7. Where profits contain elements of result that are treated separately in other sections of this agreement, the provisions of the articles are not determined by the provision of this section. 1. Notwithstanding the provisions of Articles 14 and 15, the income of public artists (such as theatre films, radio or television symbols and musicians) or sportsmen resulting from their personal activities may be taxed as such in the contracting state in which these activities are carried out. 5. Notwithstanding Article 2, the provisions of this section apply to all taxes and denominations. The Double Tax Avoidance Agreement (DBAA) is a tax agreement signed between two or more countries to help taxpayers avoid double taxes on the same income. A DTAA is applicable in cases where a person is established in one nation but earns income in another nation. The agreement between the Government of the Republic of India and the Government of the Democratic Socialist Republic of Sri Lanka to avoid double taxation and prevent tax evasion on income and capital has been ratified and ratification instruments exchanged in accordance with Article 29 of the Convention. (d) if he is a national of either state or one, the competent authorities of the contracting states resolve the matter by mutual agreement. Provided that this credit does not exceed the Indian tax (calculated before the admission of such credit) corresponding to income from sources in Sri Lanka or capital in Sri Lanka, if such a resident is a company by which a tax is to be paid in India, the credit in India, the aforementioned credit is granted at first instance against the income tax of the company in India.
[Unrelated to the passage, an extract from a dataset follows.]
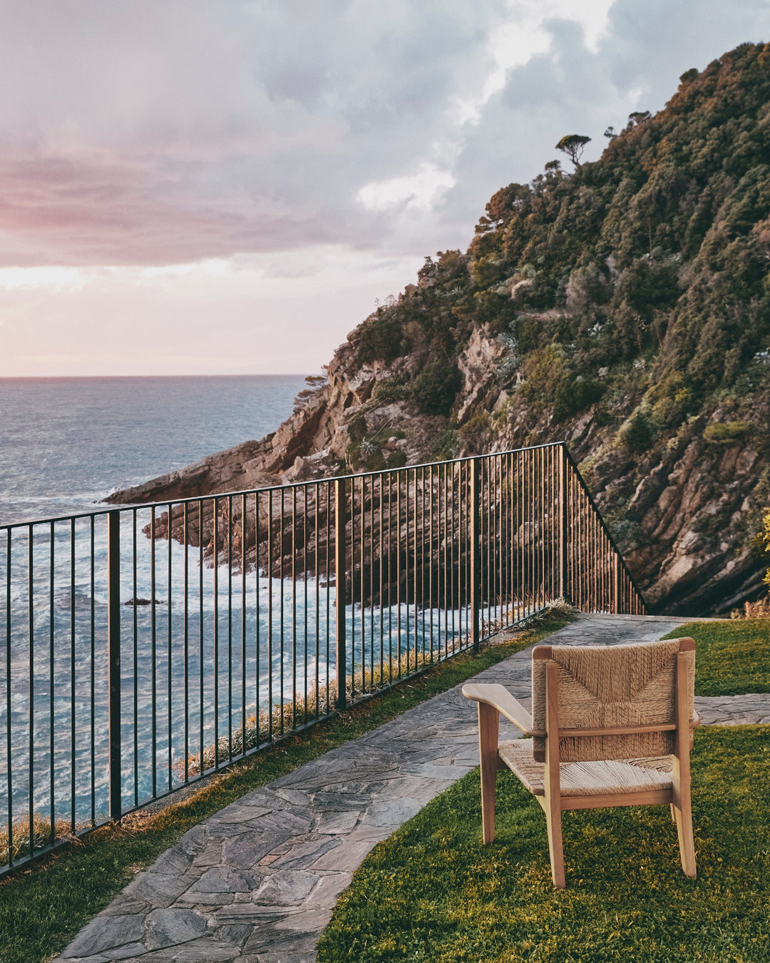 Sitzfläche und Rückenlehne sind handgeflochten aus wasserdichter und UV-beständiger Polyethylenfaser, die natürliches Hyazinthengeflecht perfekt imitiert. Das charakteristische Flechtmuster verleiht dem Stuhl ein edles Aussehen, und die ergonomische Form bietet außergewöhnlichen Ruhekomfort. Der F-Chair Outdoor eignet sich perfekt für Terrassen und Gärten sowie für Entspannungsbereiche am Pool und verbindet Langlebigkeit mit zeitlosem Design.

, and pay the balance if from him in India. 4. The provision of paragraphs 1 and 2 of this section does not apply where the actual beneficiary of the dividends, as a resident of a contracting state, operates in the other contracting state where the company that determines the dividends is established, is established through a stable institution established there and the operation for which the dividends are paid is in fact linked to that institution. In this case, the provisions of section 7 apply. (6) Interest is taken for granted in a contracting state where the payer is itself, a territorial authority or a resident of that state. However, if the person who pays the interest, whether or not he is domiciled in a contracting state, has a stable institution in a contracting state where the interest debt is paid and the interest is borne by that institution, those interests are deemed to be those of the contracting state where the stable institution is established. 2. When a firm in a contracting state intervenes when a company in a contracting state operates in another contracting state through a stable establishment there, each contracting state is obliged to charge, in each contracting state, the profits it must make in each contracting state if it is a self-sustaining and autonomous company carrying out the same or similar activities under the same or similar conditions and under similar conditions and totally independent with the company of which it is an establishment. stable. 3.

Notwithstanding the provisions of paragraph 2 of this article, interest incurred in a contracting state is exempt in that state: a.